◆ **Source material**
◆ ◆ ◆ ◆ ◆

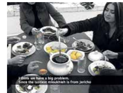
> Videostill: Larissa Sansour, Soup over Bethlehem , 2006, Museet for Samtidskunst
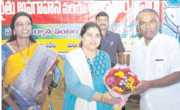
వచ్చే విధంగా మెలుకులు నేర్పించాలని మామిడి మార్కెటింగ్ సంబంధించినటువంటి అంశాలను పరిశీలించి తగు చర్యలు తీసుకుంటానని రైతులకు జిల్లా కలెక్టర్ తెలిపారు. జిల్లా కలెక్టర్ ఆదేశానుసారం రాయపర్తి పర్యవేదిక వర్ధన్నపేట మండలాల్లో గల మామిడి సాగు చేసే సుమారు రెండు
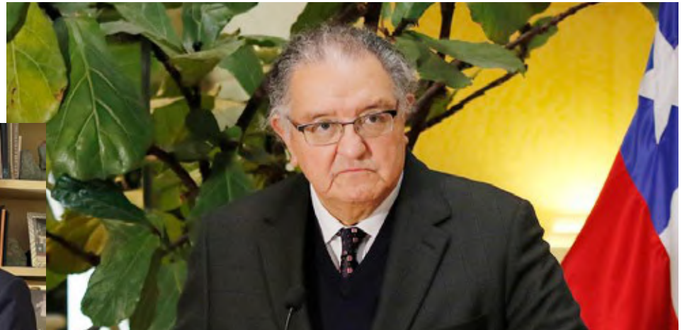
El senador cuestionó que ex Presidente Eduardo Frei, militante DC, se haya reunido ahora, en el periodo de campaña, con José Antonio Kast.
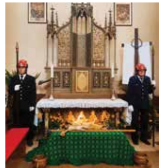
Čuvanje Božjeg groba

◆ ◆ ◆ ◆ ◆

Copy verbatim the span that begins at the line containing "El senador cuestionó" and ends at the last line of the material, inclusive of both; exclude pictures.

El senador cuestionó que ex Presidente Eduardo Frei, militante DC, se haya reunido ahora, en el periodo de campaña, con José Antonio Kast.
Čuvanje Božjeg groba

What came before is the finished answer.